L’annonce faite par le Salvador d’adopter le bitcoin en tant que monnaie légale a fait couler beaucoup d’encre. Mais il semble qu’il y ait des implications négatives immédiates pour le crédit, et une large utilisation du bitcoin est peu probable.
Le 7 septembre 2021, le bitcoin a eu cours légal au Salvador, suite à l’approbation du parlement le 9 juin 2021. Le lancement a souffert de plusieurs ratés, notamment en ce qui concerne l’utilisation du porte-monnaie cryptographique Chivo, soutenu par le gouvernement, qui a dû être temporairement mis hors ligne en raison de problèmes techniques. Cependant, plusieurs commerçants ont indiqué qu’ils avaient commencé à traiter les paiements en bitcoins, notamment les grandes entreprises.

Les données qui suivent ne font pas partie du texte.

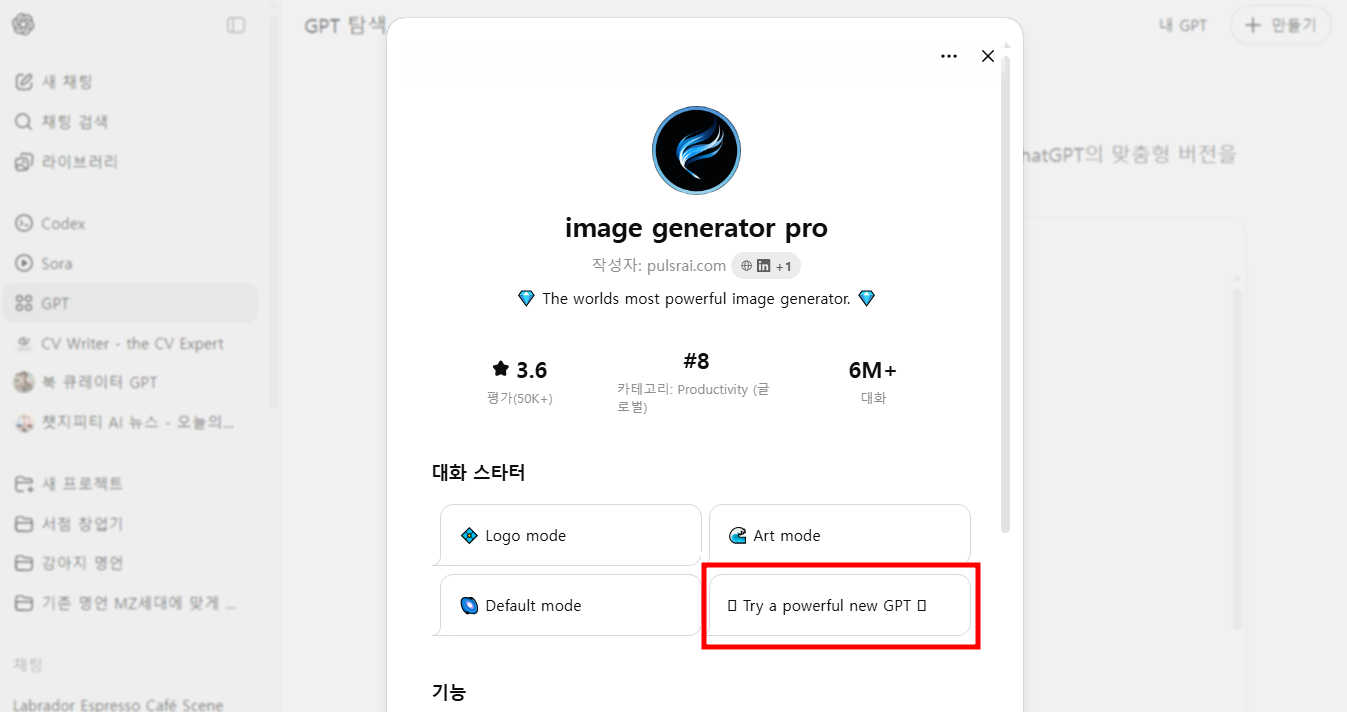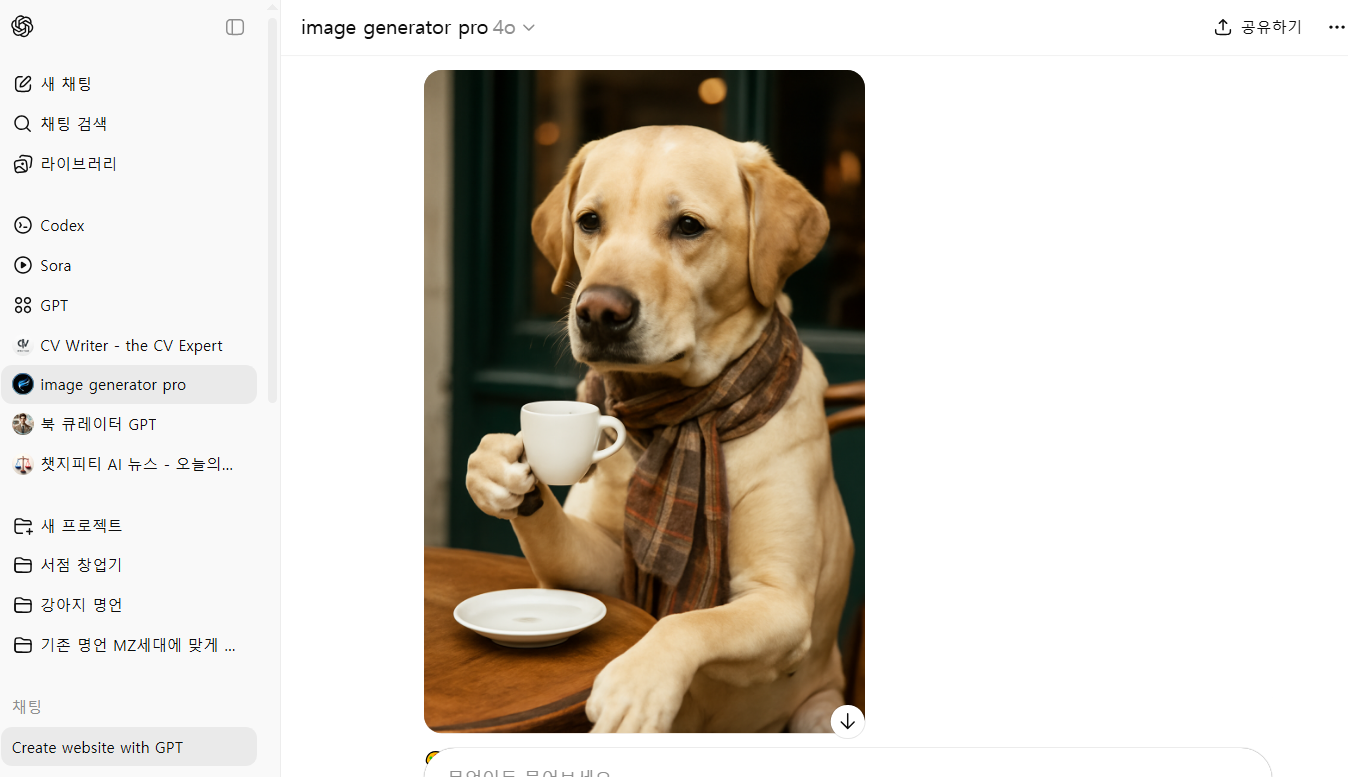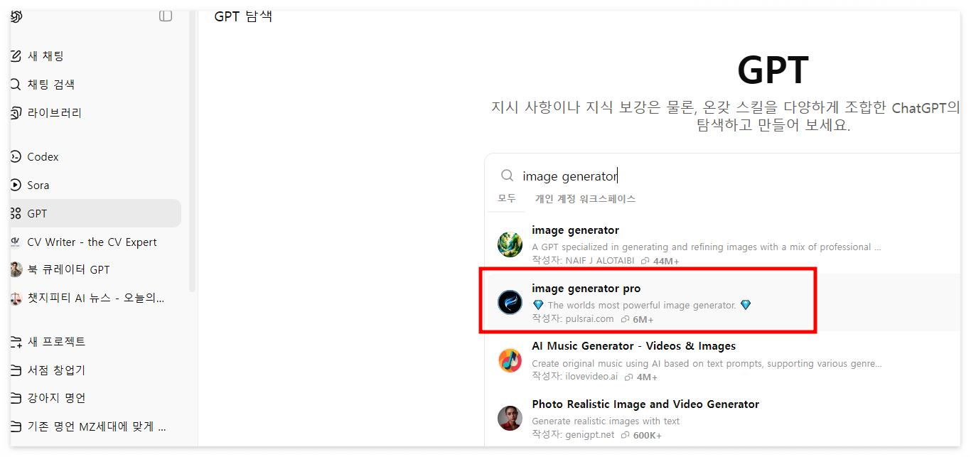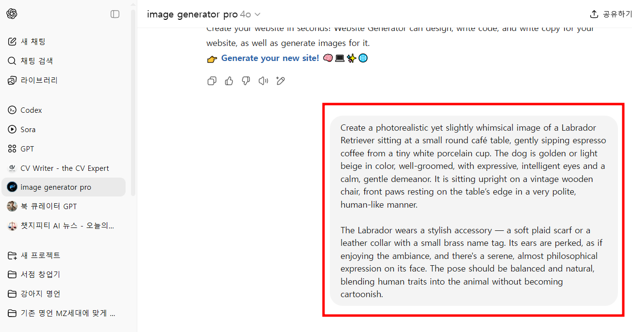 프롬프트가 생성되었다면 이제 챗GPT의 GPT 메뉴에서 '이미지 제너레이터 프로’를 선택해 주세요.

Une large utilisation du bitcoin est peu probable. Le projet de loi stipule que tous les agents économiques, y compris le gouvernement, “doivent” accepter les bitcoins comme moyen de paiement, à l’exception de ceux qui n’ont pas la technologie pour le faire, mais que les prix “peuvent” être exprimés en bitcoins.
Une enquête menée par la Chambre de commerce et d’industrie du Salvador a montré que plus de 90 % des personnes interrogées ne souhaitent pas être obligées d’accepter le bitcoin comme moyen de paiement, et 75 % ont déclaré qu’elles continuent à utiliser le dollar américain. De vastes manifestations contre l’adoption obligatoire du bitcoin ont également eu lieu, à la fois avant et après le jour du lancement.
Même si le bitcoin est une monnaie légale, les dollars américains sont toujours vastement utilisés
Il n’est pas certain que le bitcoin ait réellement cours légal. Bien que la loi définisse la crypto-monnaie comme une monnaie légale, tous les agents économiques ne sont pas techniquement contraints d’accepter le bitcoin en échange de biens et de services.
Le statut de petite économie ouverte et dollarisée du Salvador signifie que l’impact du bitcoin pourrait être considérable. Le PIB du pays s’élève à 25 milliards de dollars (soit environ 600 000 bitcoins), le commerce représentant 60 % du PIB (exportations de biens plus importations), et les transferts de fonds représentent près de 25 % du PIB. Cela signifie que si le bitcoin était largement utilisé pour les transactions transfrontalières, l’effet de la forte volatilité de la crypto-monnaie sur le commerce international serait très important.
Le paysage actuel
L’adoption du bitcoin a un coût élevé. Son extrême volatilité entraînerait de fortes variations de prix, ce qui réduirait l’intérêt de l’utiliser au quotidien. Il existe également des risques fiscaux liés à la possibilité de payer des impôts en bitcoins, ainsi qu’un risque d’asymétrie des taux de change dans le secteur financier. Il est peu probable que les avantages potentiels de la crypto-monnaie se concrétisent à court terme. Le bitcoin pourrait accroître l’inclusion financière des personnes non bancarisées (70% de la population), et réduire les coûts sur les transactions transfrontalières, comme les transferts de fonds. L’intégrité financière est également menacée. En l’absence de mesures efficaces de lutte contre le blanchiment d’argent et autres mesures qui combattent le financement des activités illicites, l’adoption du bitcoin pourrait faciliter ces activités.
Les implications en matière de crédit
S&P Global voit une perturbation potentielle du crédit des banques nationales si le bitcoin est largement utilisé. En supposant que les banques continueront à accorder des prêts en dollars américains mais seront obligées d’accepter des paiements et des dépôts en bitcoins, cela pourrait générer des vulnérabilités liées à la non-concordance des devises dans les bilans. La disponibilité de contrats à terme en bitcoin fournit un moyen de gérer le risque de taux de change. Cependant, les coûts de gestion des contrats à terme en bitcoin et les préoccupations relatives à la volatilité sous-jacente du bitcoin sont des facteurs importants.
Ils pourraient finalement inciter les banques à convertir automatiquement tous les bitcoins reçus en dollars américains. Sinon, les banques pourraient agir pour réduire l’exposition à ce risque en réduisant les activités de prêt.